Saturday, April 17, 2010

Look at Kim Cook's Work at Upcoming SFAI Vernissage

EXHIBITION TITLE: San Francisco Art Institute Vernissage
LOCATION: Herbst Theater 401 Van Ness San Francisco, CA 94102
Friday May 14, 2010 6pm - 8pm

Kim Cook, a second year New Genre's focus at the San Francisco Art Institute is currently working on a project entitled, Resource Exchange, a commentary on restricted access to our global water supply. Water, a natural resource that should be within reach to the global community, unfortunately is not. With more than 95% of the world's water supply owned by powerhouse corporations, business becomes the middle-man, thereby hindering our free access to water and restricting not only who the reserve reaches, but how we obtain it. In preparation for Vernissage, SFAI's final showcase of graduating MFA practices, Kim asked myself and four other volunteers to participate in modeling her take on the quite literal handicapping society faces in their struggle for water access.

Photo courtesy of Kim Cook

Kim designed a garment that serves as both a hybrid life vest and straight jacket. A harness on the back holds in place a one gallon container of water making it inaccessible for the person carrying it to drink from it themselves. Hand made and crafted with impeccable artistry, the garb had all the characteristics of both a life preserver (the polished detail of hand sewn plush materials) and a straight jacket (arm restraints and belted clasps). Both of these things working against one another dissolved the garment's individual functionality and actually hindering out mobility and ability to interact with the other participants. The garment's dichotomy between a life preserver and a restraint was a conceptually created a metaphor for the global water crisis. On one hand, water should be within reach for consumption at any point to anyone, yet corporate control of the circulation of fresh drinking water limits millions on a daily basis.

As models, we acted out this restriction first hand. Our group was challenged by Kim to situate our bodies in various ways that allowed everyone could drink from the jugs of water resting on each of our backs. No outside props could be used, and each arrangement was no a success unless everyone could drink, thus stressing the interdependence of global water access. Kim's design to implement a straight jacket impeded any movement of the arms, obstructing us as models from using our hands for anything.

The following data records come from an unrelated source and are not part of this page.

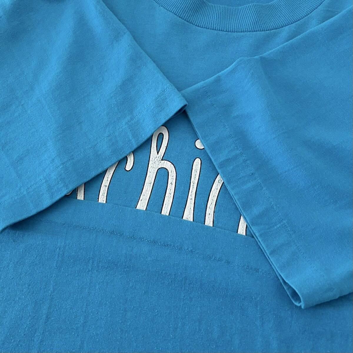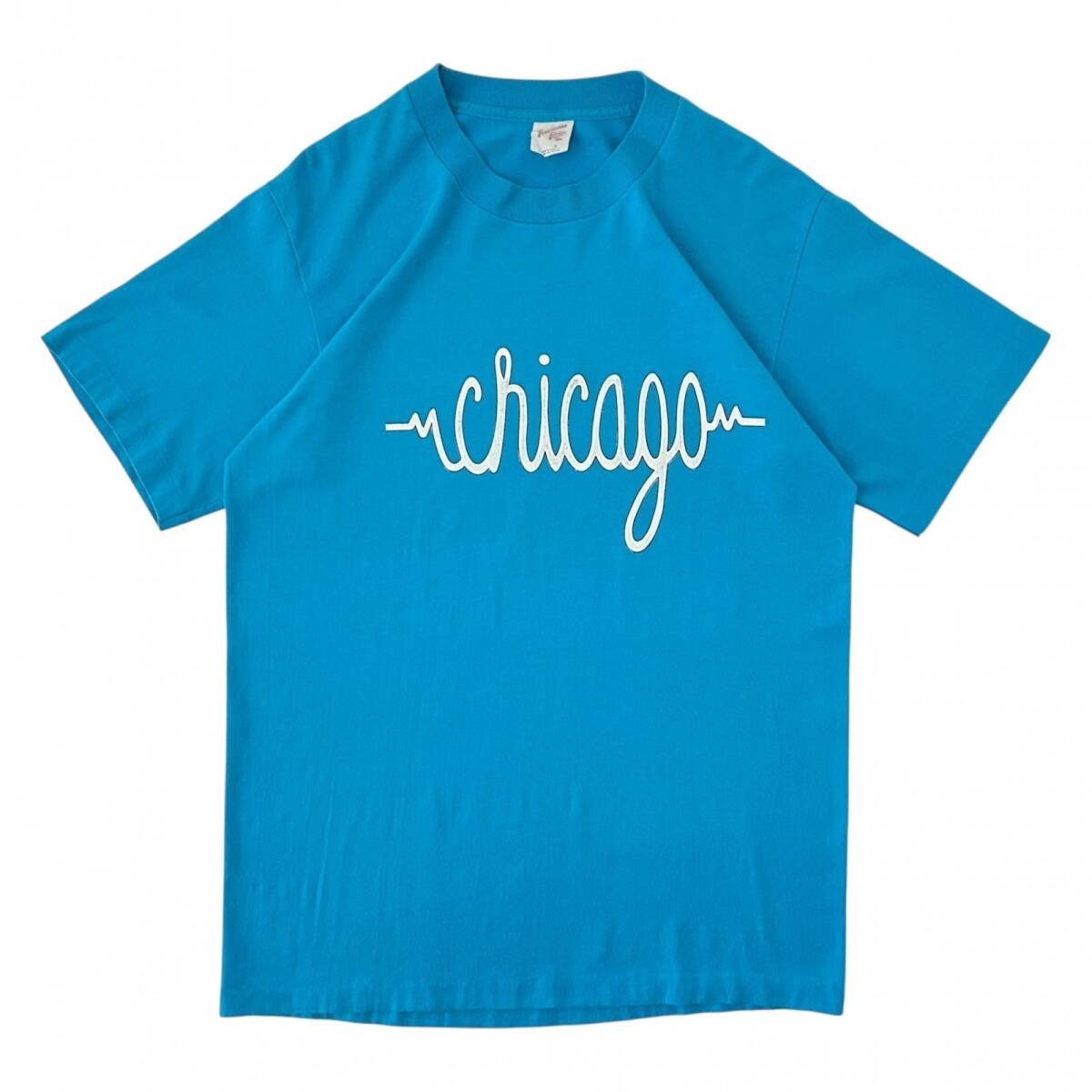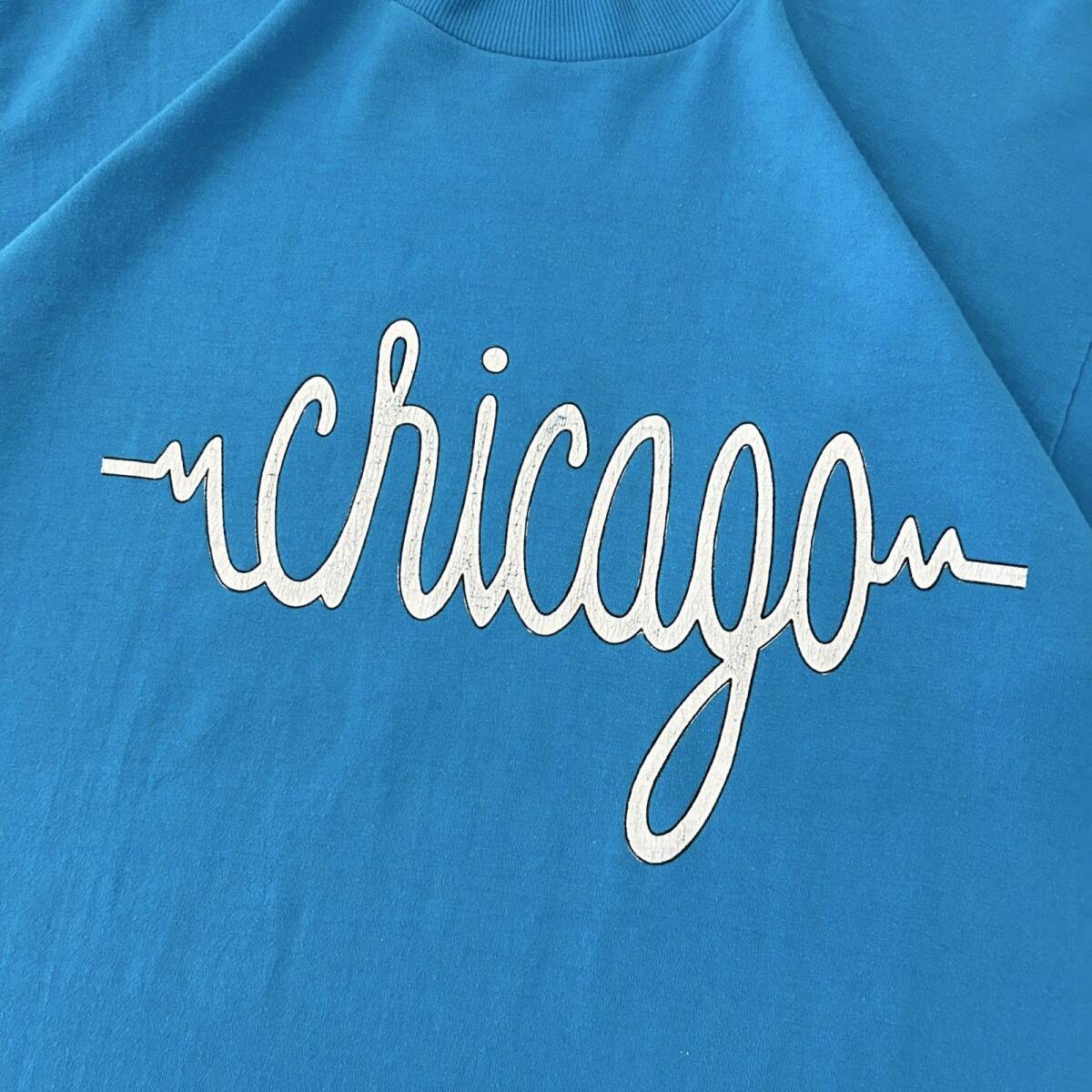 L 90s ヴィンテージ USA製 CHICAGO 心電図 ロゴ デザイン Tシャツ シングルステッチ コットンポリ 水色 白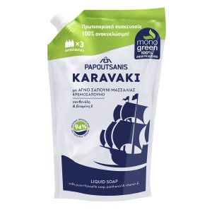 Authenticity and purity meet tradition, through the new cream soap KARAVAKI PAPOUTSANIS. Its gentle formula, with 94% ingredients of natural origin, is enriched with panthenol and vitamin E and deeply cleanses while moisturizing and protecting your hands. Ideal for the whole family. Fill your KARAVAKI cream soap pump again and again with KARAVAKI replacement cream soap sachets, made from 100% recyclable material, thus contributing with us to a more sustainable future with less plastic.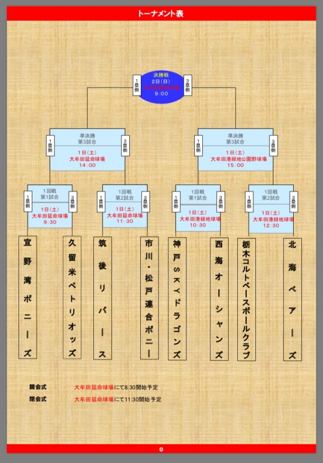 中学野球選手権大会のトーナメント表が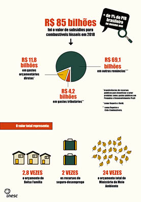 Para responder a essa pergunta, o Instituto de Estudos Socioeconômicos (Inesc) monitora, desde 2018, o volume dos recursos públicos alocados pelo governo federal nos combustíveis fósseis, da produção ao consumo. Estudo inédito do instituto mostrou que, em 2018, foram R$ 85,1 bilhões em subsídios – montante que corresponde a cerca de 1% do PIB e a 6% da arrecadação para o mesmo ano.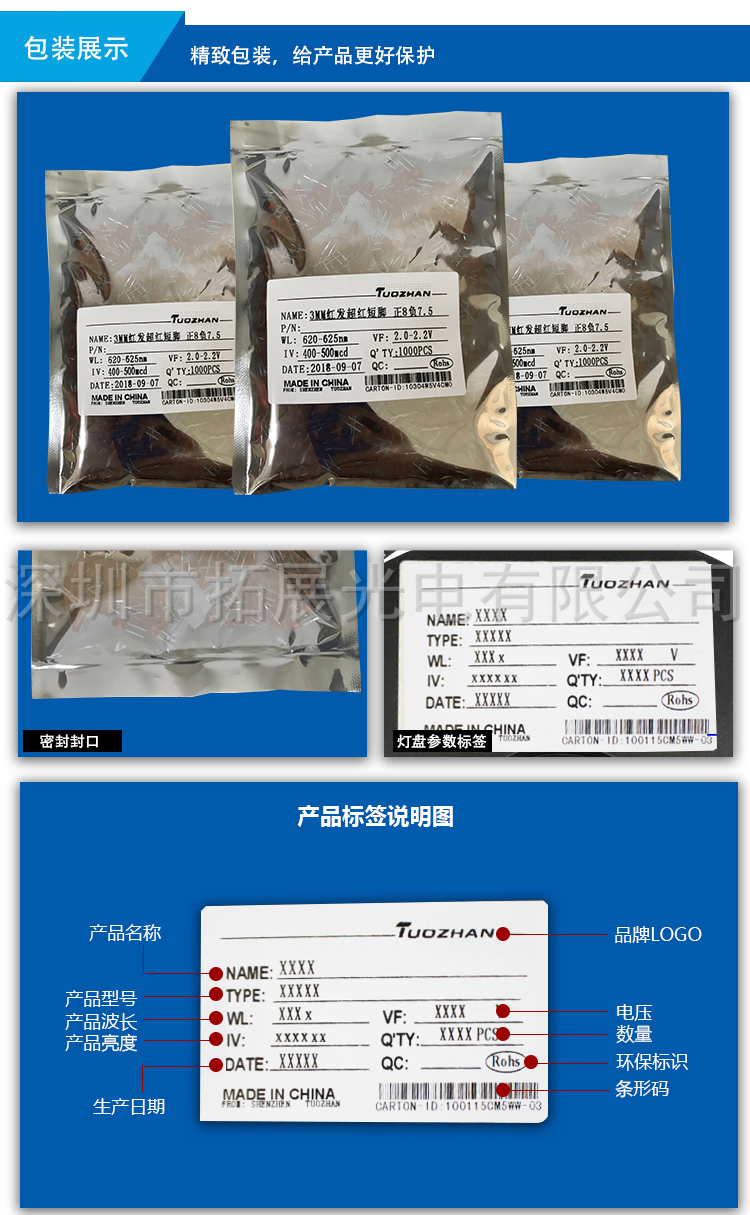 LED 的包裝是用防潮的鋁包裝袋包裝,并且包裝袋里面含有干燥劑主要起到控制包裝袋里的濕度.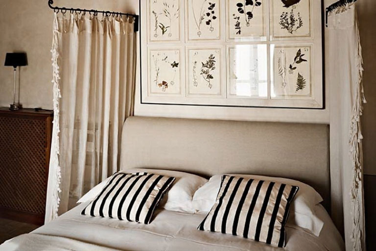 Awesome Bedroom with Striped Pilow Cover – Italian Fancy Bedroom Villa Casali di Monticchio in the genteel hills bordering on Umbria and Tuscany, Italy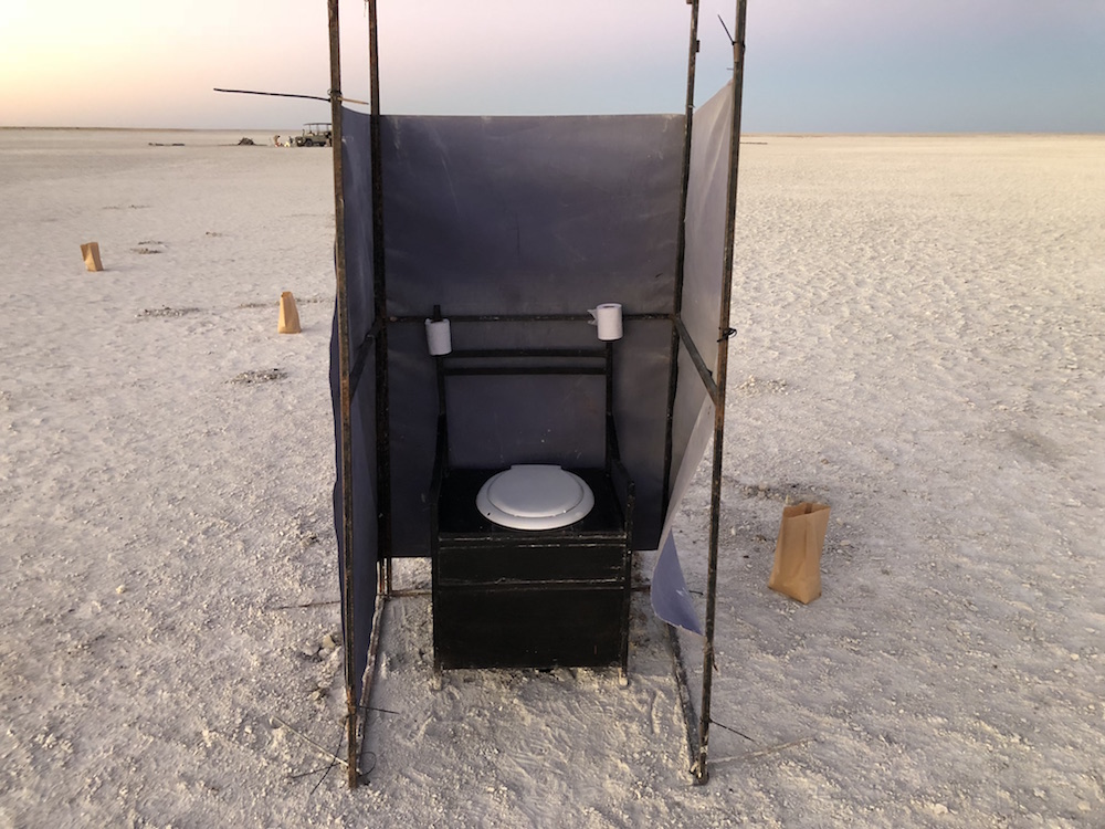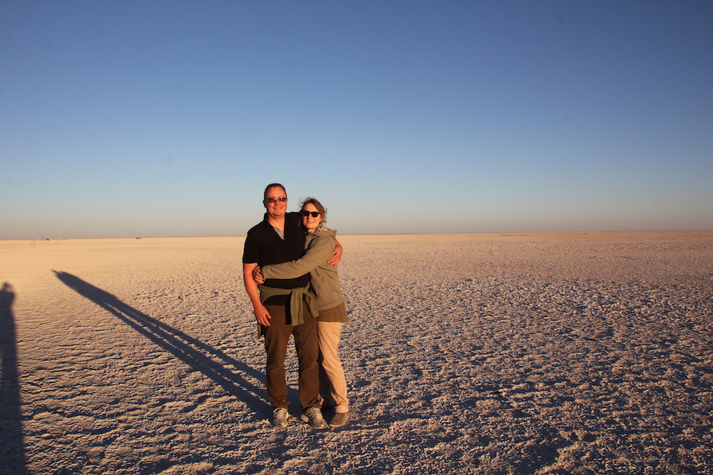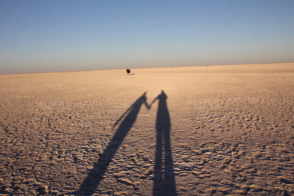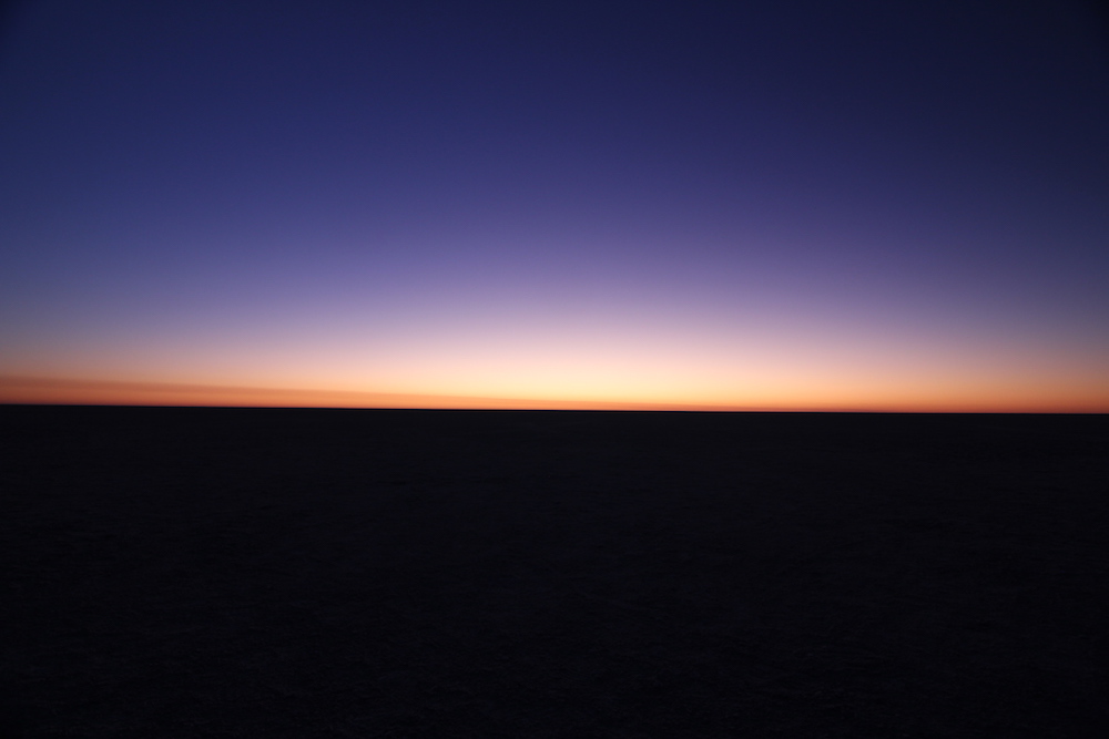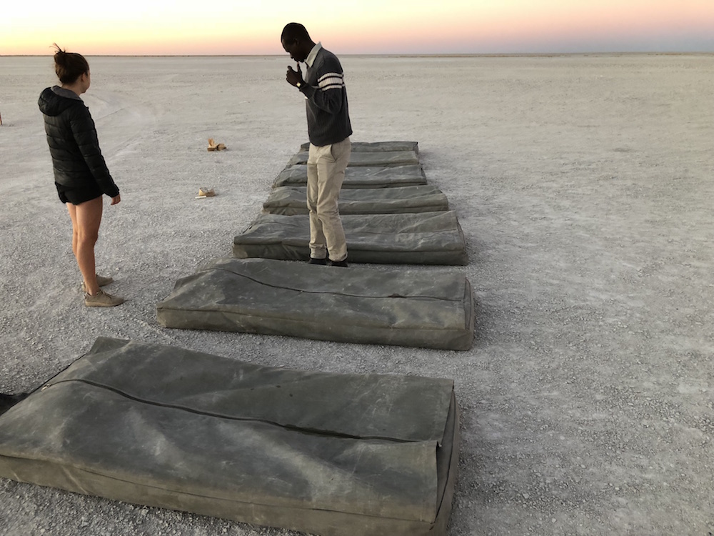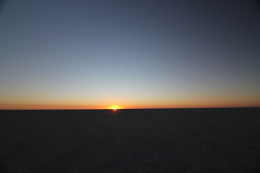 In der Einöder der Salzpfanne angekommen, ging es nach ein paar einleitenden Worten und Besichtigung des Schlafplatzes – sieben nebeneinander liegende Schlafsäcke – zunächst ein mal ans Feuer, von wo aus wir den Sonnenuntergang beobachten konnten.

The reliance we all felt on one another to gain access to the water on the backs of each other was a punctilious, meticulous commentary on the global water crisis. Having to contort our bodies in various positions and focus our energy on the whole group drinking rather than our individual parts proved to be a severe challenge with only five people, let alone that proposed on the global scale.

Photo courtesy of Kim Cook

Kim documented our efforts and plans to create sketches of some of the images, voiding each model of recognizable facial features, thereby universalizing us as representations of all those effected by the fresh water crisis. Having seen a basic sample of the drawn work, the sketches are extremely poetic in their forms and aesthetically subdued despite the intense nature of the commentary at hand.